━━ Data extracts ━━

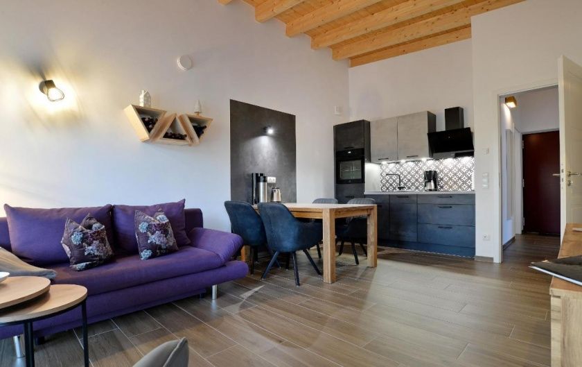 Der Wohnraum beinhaltet neben der offenen Küche ein großes Smart TV mit Soundbar. Die Soundbar ermöglicht es euch auch, eure eigene Musik mittels Bluetooth Verbindung abzuspielen. Ihr habt freien Zugang zu unserem kostenlosen WLAN.
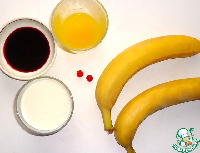Подготавливаем ингредиенты для коктейля. Из апельсина выжимаем сок, бананы моем под проточной водой. Для коктейля можно использовать черничное варенье или ягоды.
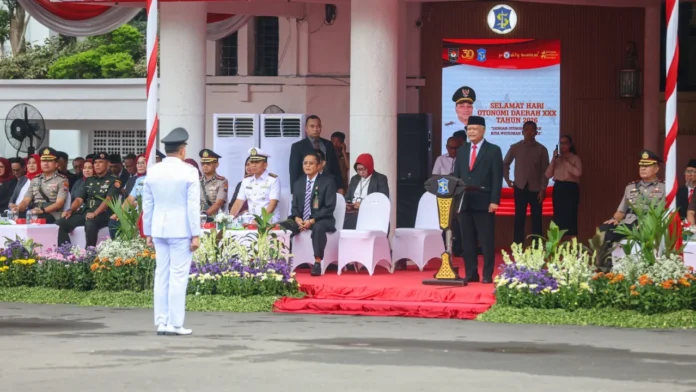 SURABAYA | SIGAP88 – Pemerintah Kota (Pemkot) Surabaya menggelar upacara Hari Otonomi Daerah ke-XXX tahun 2026 di halaman Balai Kota, Senin (27/4/2026) Dengan Mengusung tema “Dengan Otonomi Daerah Kita Wujudkan Asta Cita”, momentum ini menegaskan peran strategis daerah dalam mengelola potensi lokal sekaligus memperkuat sinergi dengan pemerintah pusat.
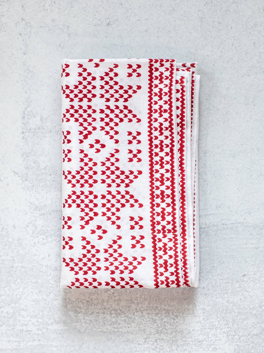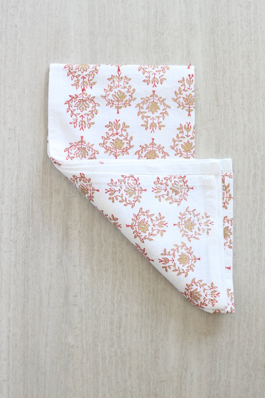 Tea Towel - Lotus, Red & Gold
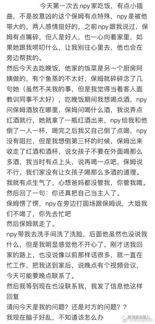 :呃好吧,我觉得女的快跑吧。说实话即使是家里十多年的保姆也要有分寸感啊,又不是男的他妈,保姆也只是保姆而已啊,而且女的也没说错啊,虽然十多年的保姆但是又不是真的是主人,真没见过当保姆反说客人的
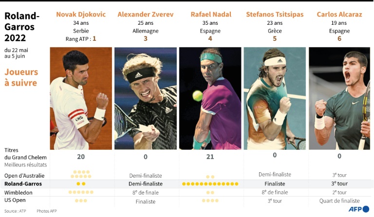 Chasse au record pour Nadal et Djokovic, avènement pour Alcaraz, consécration pour Zverev ou Tsitsipas, confirmation pour Swiatek: l'édition 2022 de Roland-Garros qui débute dimanche présente de nombreux enjeux et s'annonce ouverte.
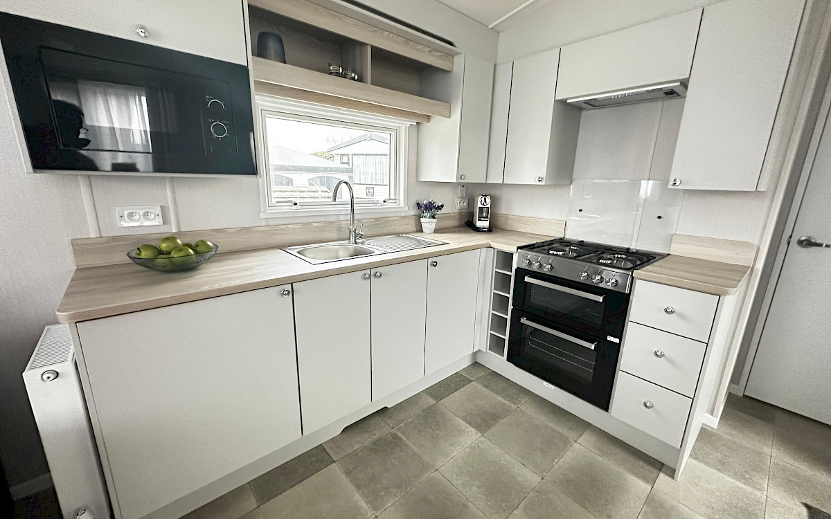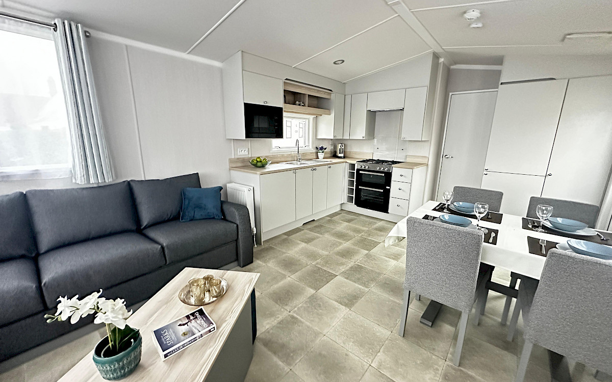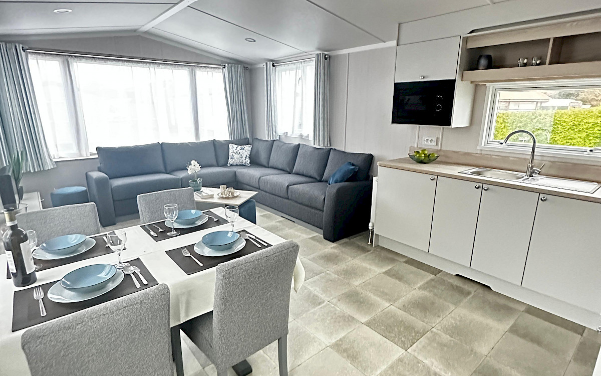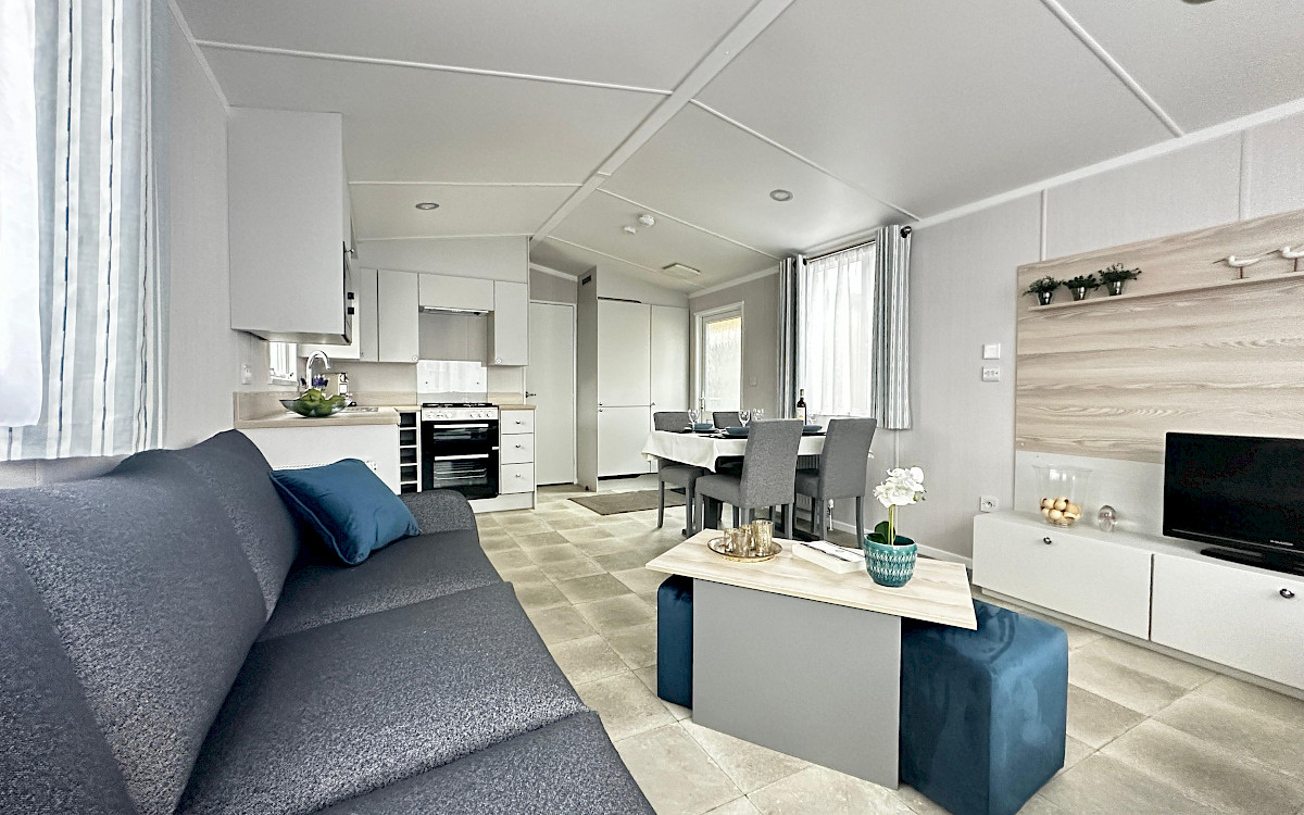 Tanto si es un entusiasta de las vacaciones que busca su propia residencia de ocio como si es propietario de un camping o parque vacacional y busca ofrecer lo mejor a sus huéspedes, la Swift Loire le ofrece todo lo necesario para disfrutar de su estancia al instante. Esta caravana residencial está completamente amueblada y equipada con muebles modernos, incluyendo un elegante sofá esquinero convertible en cama, una mesa de comedor con cuatro sillas, una mesa de centro, un mueble para el televisor y cortinas. Incluso la cocina está completamente equipada con horno, microondas, frigorífico,placa de gas y extractor de aire . La Loire cuenta con dos dormitorios: uno principal con baño en suite y un segundo dormitorio con dos camas individuales, perfecto para niños o invitados. El baño cuenta con cabina de ducha, inodoro, lavabo y radiador de diseño. Gracias a la calefacción central , la comodidad está garantizada durante todo el año. La Swift Loire es la opción ideal para quienes buscan una caravana residencial totalmente equipada y cómoda , lista para usar y diseñada para el máximo confort y lujo.
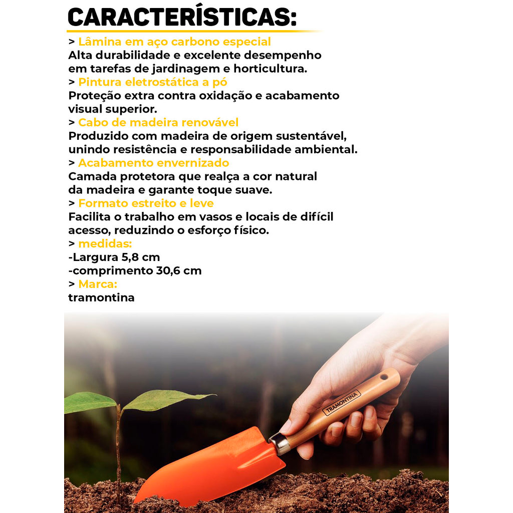 Pazinha Estreita Metálica Tramontina Cabo De Madeira P/ Jardinagem Horta E Vasos De Plantas
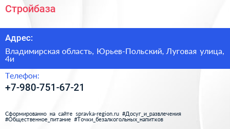 Стройбаза по адресу Владимирская область, Юрьев-Польский, Луговая улица, 4и в дальнейшем Организация, размещена в следующих категориях:
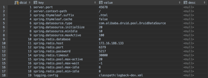 代码中,首先使用古老的jdbc技术,读取数据库t_config表,将表中的key-value加载到properties中,代码中profile是为了区分开发环境和生产环境,以便于确定从那张表中加载配置文件,数据库中的配置信息如下:
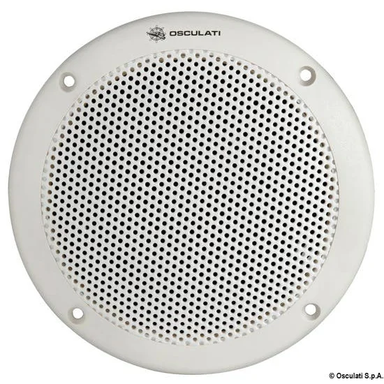 The Osculati Ultra Slim Speaker is an ultra-flat, waterproof stereo speaker designed for marine environments. Utilizing innovative CUTTING EDGE technology, it significantly reduces the depth of the cone while ensuring excellent acoustic performance. The speaker features a low-profile design with a recess depth of only 25 mm and is watertight to IP65 standards. It is sold individually and is suitable for installation with a minimum distance of 1 meter from the compass.
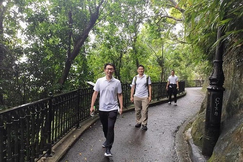 中建澳門公司在澳門松山公園組織環山野外定向活動,活動期間突降暴雨,大家毫不畏懼,在雨中完成既定任務,成功到達燈塔廣場。
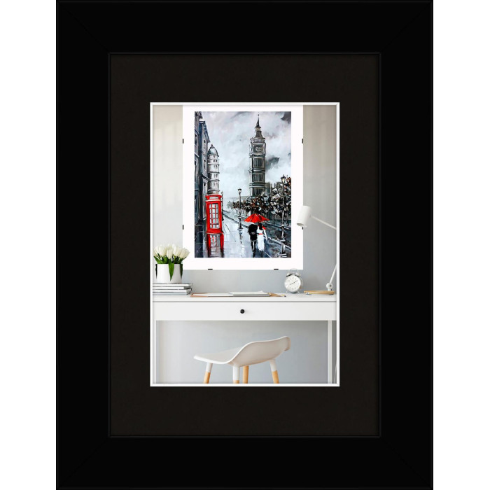Фоторамка дерев'яна 15х21 під фото 10х15 багет: DL3005-02 Чорний (з глянцевим склом 1-1.5мм, паспарту чорне, двп) EmojiFrame

━━━

__Exercise details__
Every line from the one with "Стройбаза по адресу" through the last line of the data must be copied exactly. Leave the pictures out.

__Response to the task__
 Стройбаза по адресу Владимирская область, Юрьев-Польский, Луговая улица, 4и в дальнейшем Организация, размещена в следующих категориях:
 代码中,首先使用古老的jdbc技术,读取数据库t_config表,将表中的key-value加载到properties中,代码中profile是为了区分开发环境和生产环境,以便于确定从那张表中加载配置文件,数据库中的配置信息如下:
 The Osculati Ultra Slim Speaker is an ultra-flat, waterproof stereo speaker designed for marine environments. Utilizing innovative CUTTING EDGE technology, it significantly reduces the depth of the cone while ensuring excellent acoustic performance. The speaker features a low-profile design with a recess depth of only 25 mm and is watertight to IP65 standards. It is sold individually and is suitable for installation with a minimum distance of 1 meter from the compass.
 中建澳門公司在澳門松山公園組織環山野外定向活動,活動期間突降暴雨,大家毫不畏懼,在雨中完成既定任務,成功到達燈塔廣場。
Фоторамка дерев'яна 15х21 під фото 10х15 багет: DL3005-02 Чорний (з глянцевим склом 1-1.5мм, паспарту чорне, двп) EmojiFrame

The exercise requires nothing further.